Honestly I kinda get it. However I’d really see utility if I could disable it and install what I wanted and then enable it to lock down any further changes.. but it’s not that.. installed software won’t run. Fucking bullshit.

Pilgrimsmaster · December 23, 2025, 6:00pm

GrimEcho · December 26, 2025, 3:42pm

I’ve spent the last 6 months or so slowly upgrading my and my family’s Windows 10 computers to Windows 11. After some trial and error this is now my de facto recipe.

Windows 11 Pro license key (~$10 - $20).
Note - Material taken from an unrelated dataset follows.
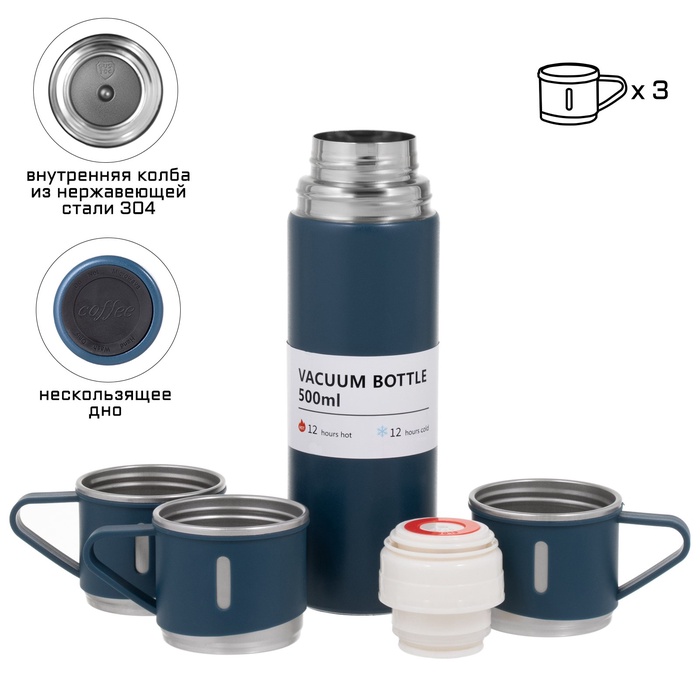 УЦЕНКА Набор «Мастер К»: термос 500 мл и 3 кружки 160 мл, сохраняет тепло 12 ч, синий
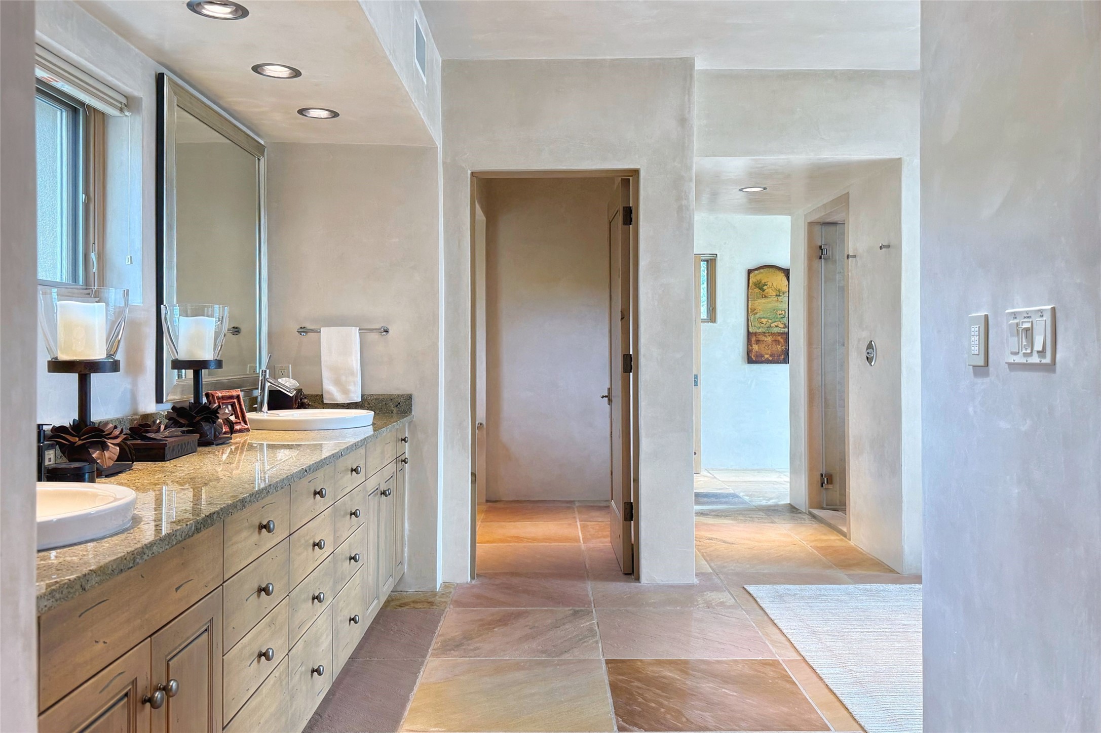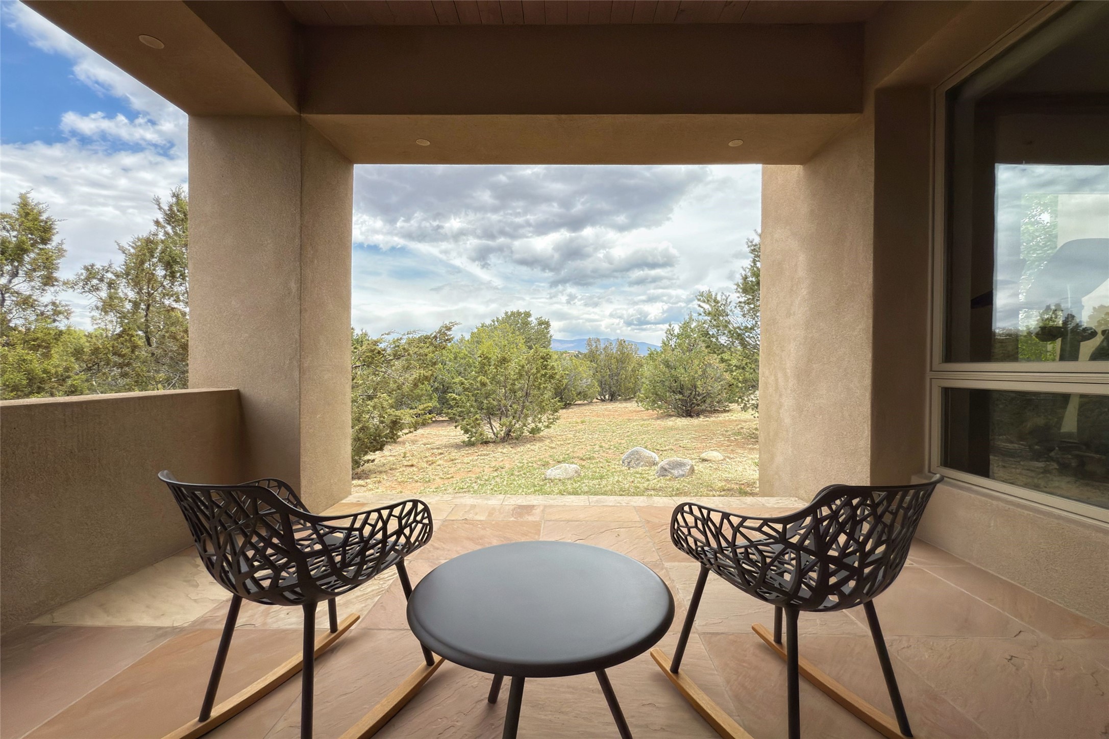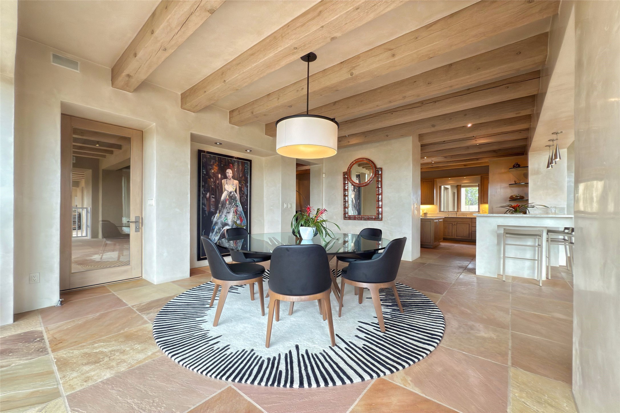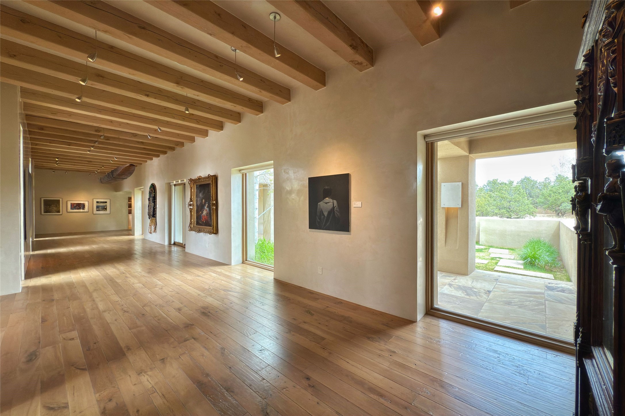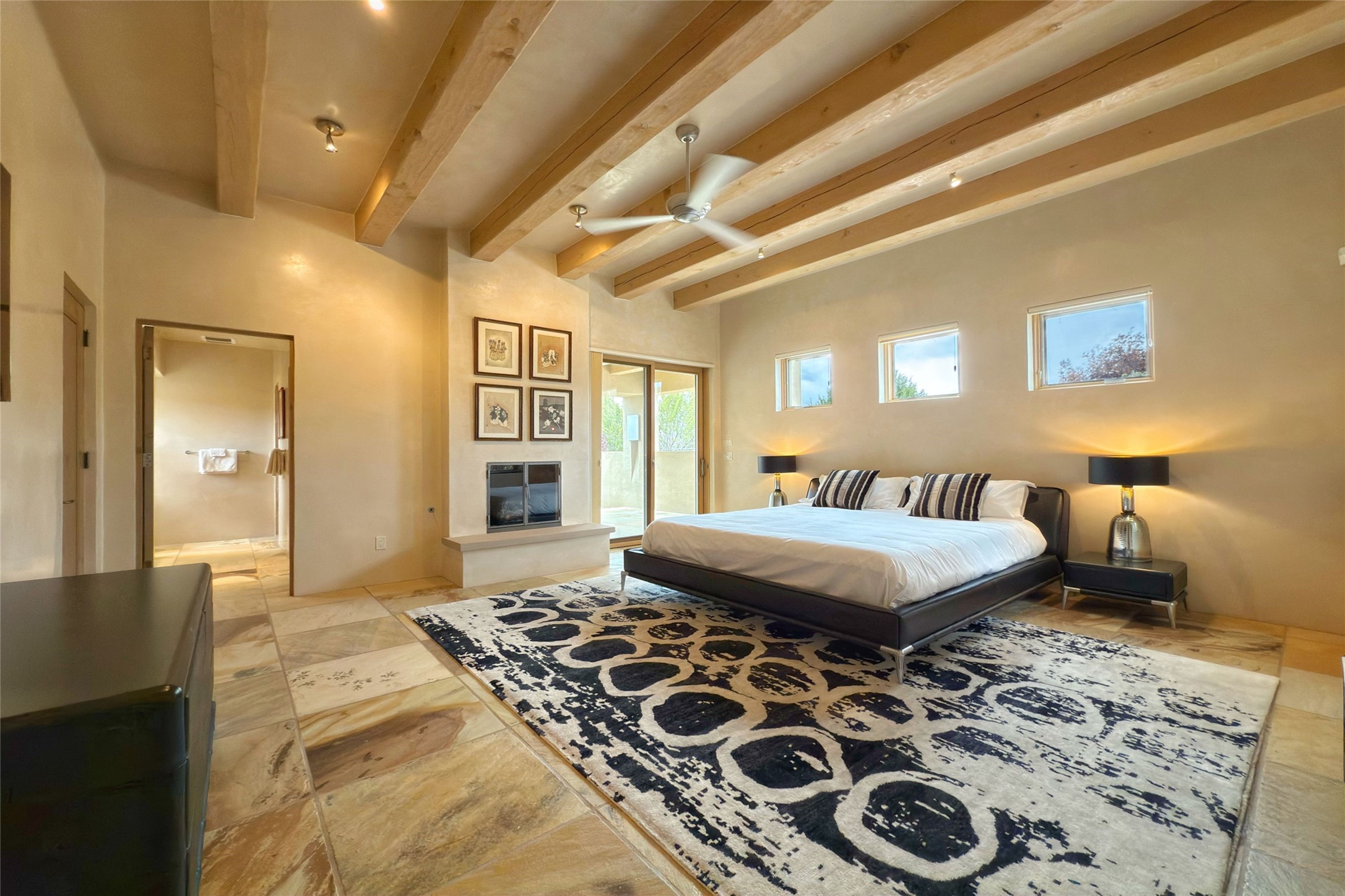 Prestigious Las Campanas Estate. Sophisticated Soft Contemporary on a Double Lot- over 3 acres for privacy.Welcome to an extraordinary estate built by Kim Dressel. Featuring a circular front drive, enclosed zen-like courtyard, and large separate motor court. With sweeping Sangre de Cristo views, this masterpiece blends elegance with tranquility and superb attention to detail. The entire residence is filled with natural light and augmented with custom lighting to showcase the art lover's collection.Interiors are graced with vigas and Desert Indian Sandstone floors. A total of 9 fireplaces (indoor and outdoor) provide warmth and charm. A generous entry hall, framed with alabaster sculptural lighting opens to the Great Room, anchored with a center fireplace and inspired by a bank of floor to ceiling windows that showcase the Sangre de Cristos. This space flaunts soaring ceilings and clerestory windows that flood the space with light. A gourmet kitchen features a large center island with Taj Mahal countertops, Sub-Zero/Wolf appliances, and opens to adjoining formal dining area and a cozy family room. A lavish primary suite offers a fireplace and an east facingportal complete with hot tub, fireplace and mountain views. Primary bath includes dual vanities, steam shower, soaking tub, dry sauna and custom closet. Adjacent home gym for convenience. Transition to the second wing through an impressive Gallery Hall designed for private art collections, exhibits and concert entertaining. A dedicated wine tasting space and sculpture garden complete the gallery.The secondary residence area includes large media room,office, two ensuite bedrooms with fireplaces and patios.Multiple outdoor spaces for indoor/outdoor living and entertaining including a deep covered portal with skylights, water feature, built-in grill and banco seating.Sparing no expense, this architectural gem delivers high-end fit and finishes throughout. The ultimate in style and serene luxury.

Currently available on Stack Social for $10
Download Windows 11 25H2 ISO
Use Rufus to slipstream in the local account option while copying the ISO to a USB drive.
- Rufus has a “Windows User Experience” dialog that allows you to customize the install when copying it. Among other things it can disable the online Microsoft account and force a local acocunt
- image548×263 10 KB
Clean Windows 11 install
Post-install customization
- Install Firefox and make it the default
- Uninstall Microsoft One Drive and Microsoft Teams via Windows add/remove programs
- Install Edge Redirect in “Active” mode and enable both “Discover” and “Search” redirections. Witht this, nothing you do in Windows (short of intentionally starting Edge) will cause Edge to to pen instead of your default browser.
- Tweak the taskbar to auto-hide, disable app notification flashes, enable some missing system tray icons, set the time automatically, and disable the hover over weather to bring up the news article board thing.

paradoxb3 · December 27, 2025, 1:26am

Having dealt with a lot of this bullshit setting up PC’s for customers at work, you should know once you touch Windows with a MS account, it has this nasty habit of automatically encrypting your drive without telling you. You may want to check settings to see if your device has been encrypted, and either make a note of the encryption key, or turn off encryption. I generally turn it off as I have no interest in keeping track of hundreds/thousands of encryption keys, and for the most part, drive encryption isn’t really necessary for the majority of them, aside from the <1% storing PHI.

TheCyberSystem · December 31, 2025, 6:23am

We used Rufus to get the installation media, then had to recompile it back into an iso because we use Ventoy. That was a nightmare to figure out but agreed that Rufus is so far the best option for customising the iso.

For bonus points we created a powershell script to unattend install/uninstall programs via winget - makes things so much easier initially.